===== INPUT DATA

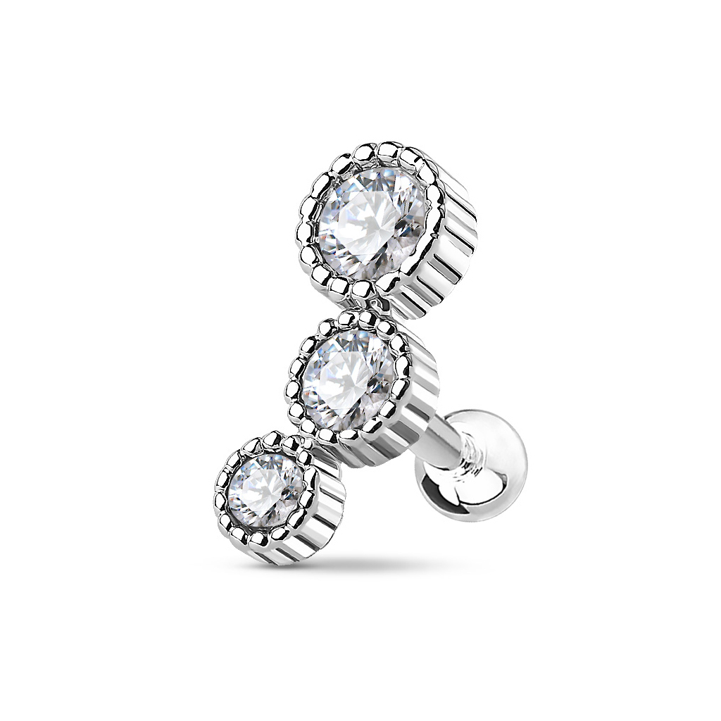Tento stylový piercing je zdobený třemi kamínky různých velikostí od nejmenšího po největší. Kamínky jsou orámovány drobnými kruhy a mají diamantový brus, díky kterému se od nich světlo odráží ze všech možných různých úhlů a tento šperk pak krásně vynikne.
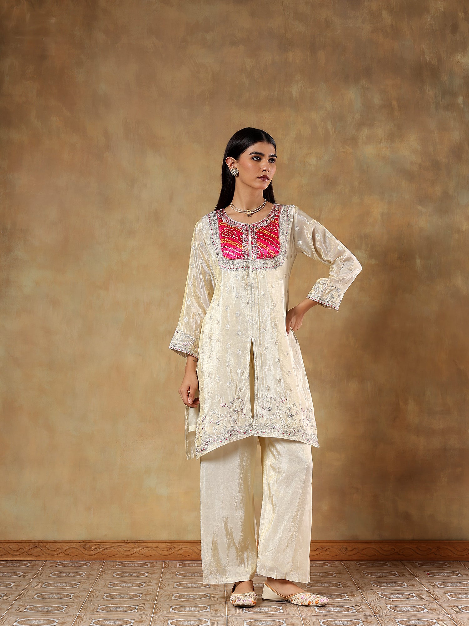 Ira Mul Chanderi Hand-Embroidered 3-Piece Set (Devri – D.No 1087)
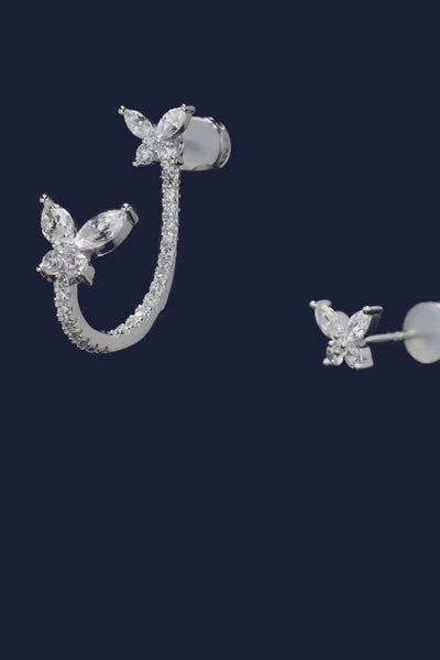 These asymmetric earrings are handcrafted from sterling silver and paved with white cubic zirconia.
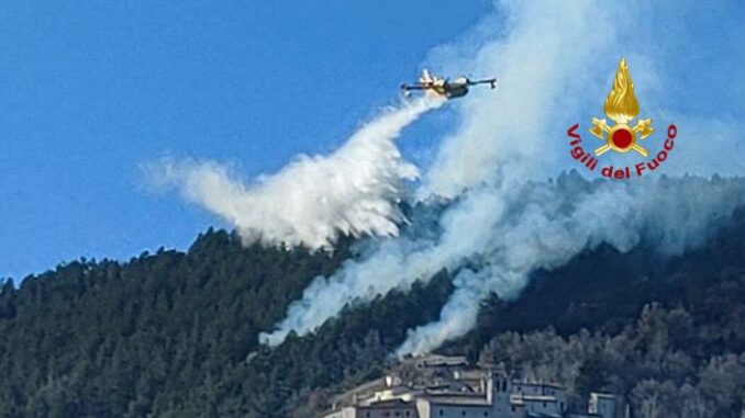 Incendio bosco a Sellano, vigili del fuoco a lavoro, anche con canadair
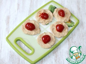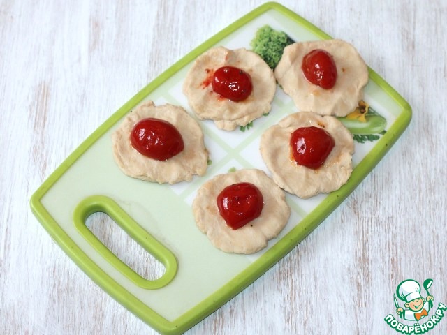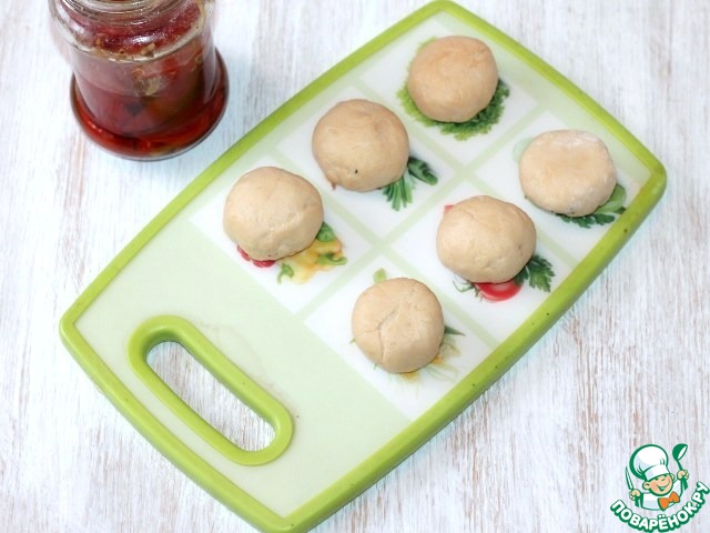 7. Припыляем столешницу мукой и формируем из 20 частей теста лепешки. Кладем на лепешку дольку вяленого помидорчика черри.
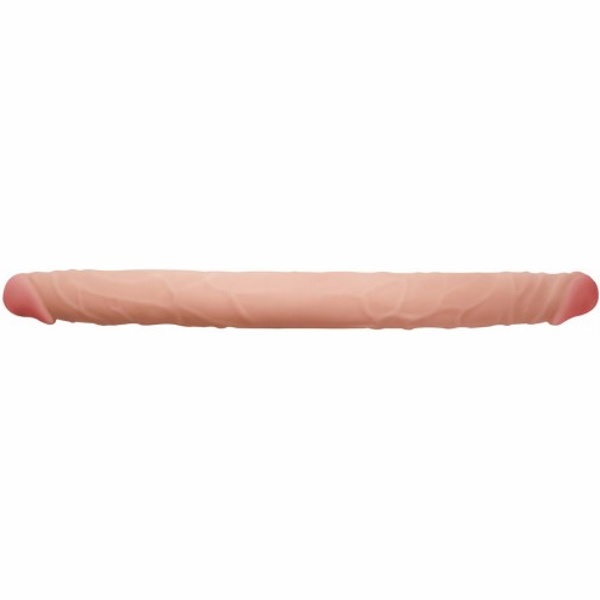 Двусторонний фаллоимитатор имеет рельефную поверхность для дополнительной стимуляции эрогенных зон. Реалистичные мягкие головки на концах игрушки обеспечивают комфортное введение.
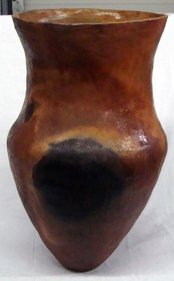 Vintage Native American Navajo Very Large Pottery Jar. Really nice large jar with lots of fire clouds and varigation in base reddish brown color. Measures 19''Hx11.5''W. MUST BE PICKED UP
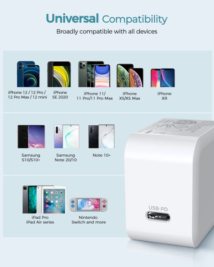 Tentang barang ini Adaptor Pengisian Cepat 3X untuk iPhone 12 Series: Dibandingkan dengan pengisi daya dinding 5W (5V/1A), kecepatan pengisian dayanya 3 kali lebih cepat dari adaptor standar, yang berarti hanya perlu 2 jam untuk mengisi penuh iPhone Anda. Daya ultra-tinggi pengisi daya Seneo USB C mengisi berbagai perangkat, daya maksimum saat mengisi daya mencapai 20W. PD 3.0 yang luar biasa: Adaptor pengisi daya Seneo 20W menerapkan spesifikasi PD 3.0 (Pengiriman Daya) untuk pengisian daya, yang berarti dapat secara luas kompatibel dengan lebih banyak model ponsel untuk pengisian cepat, dan juga kompatibel dengan PD 2.0, secara ekstensif untuk menyediakan pengisian cepat pengisian untuk perangkat. Kompatibilitas Komprehensif: Dengan pengisi daya dinding Seneo 20W untuk mengakses pengisian cepat untuk iPhone 12/12 Mini/12 Pro/12 Pro Max/11/11 Pro/11 Pro Max/XS/XS Max/ XR/X/8 Plus/8 /7/7 Ditambah/6; untuk Samsung Galaxy S20/S10/S10e/S10+/S9/S9+/S8/S8+/Note 20/Note 10/Note 9/Note 8; untuk iPad Pro 10.5”/ iPad Air 3 10.5”/ iPad Mini5 7.9”dan Lainnya. Keserbagunaan USB-C: USB-C jauh lebih cepat dan lebih fleksibel daripada USB-A, dan desain yang dapat dibalik cocok dengan port ke mana pun arahnya dibalik; lebih kuat daripada port yang lebih lama dan dapat dengan mudah memberi daya pada perangkat yang lebih besar. Pengisian Aman: Chip cerdas internal di Seneo melindungi pengisian daya dari arus berlebih dan korsleting selama proses berlangsung; adaptor dilindungi oleh ETL, FCC, Sdoc, dan DOE, yang lebih dijaga saat diduduki. Isi Paket: Adaptor pengisi daya dinding Seneo 20W PD diakomodasi dalam paket, harap dicatat bahwa tidak ada kabel pengisian data dalam paket karena kabel pengisi daya perangkat yang berbeda berbeda.
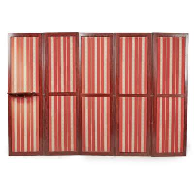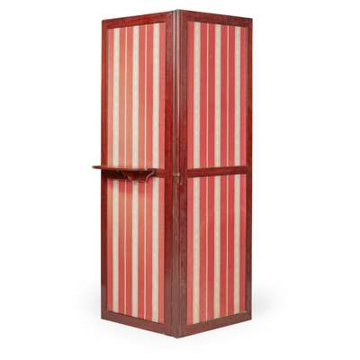 one with three panels, the other with two and a folding shelf, lined with striped fabric
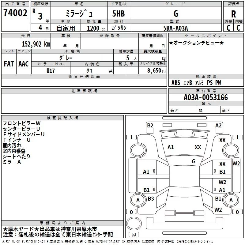 Mitsubishi MIRAGE с аукциона Японии TAA Yokohama лот № 74002

==========

Set the lines above down again, word for word, from the first through the one containing "Vintage Native American"; pictures excluded.

Tento stylový piercing je zdobený třemi kamínky různých velikostí od nejmenšího po největší. Kamínky jsou orámovány drobnými kruhy a mají diamantový brus, díky kterému se od nich světlo odráží ze všech možných různých úhlů a tento šperk pak krásně vynikne.
 Ira Mul Chanderi Hand-Embroidered 3-Piece Set (Devri – D.No 1087)
 These asymmetric earrings are handcrafted from sterling silver and paved with white cubic zirconia.
 Incendio bosco a Sellano, vigili del fuoco a lavoro, anche con canadair
 7. Припыляем столешницу мукой и формируем из 20 частей теста лепешки. Кладем на лепешку дольку вяленого помидорчика черри.
 Двусторонний фаллоимитатор имеет рельефную поверхность для дополнительной стимуляции эрогенных зон. Реалистичные мягкие головки на концах игрушки обеспечивают комфортное введение.
 Vintage Native American Navajo Very Large Pottery Jar. Really nice large jar with lots of fire clouds and varigation in base reddish brown color. Measures 19''Hx11.5''W. MUST BE PICKED UP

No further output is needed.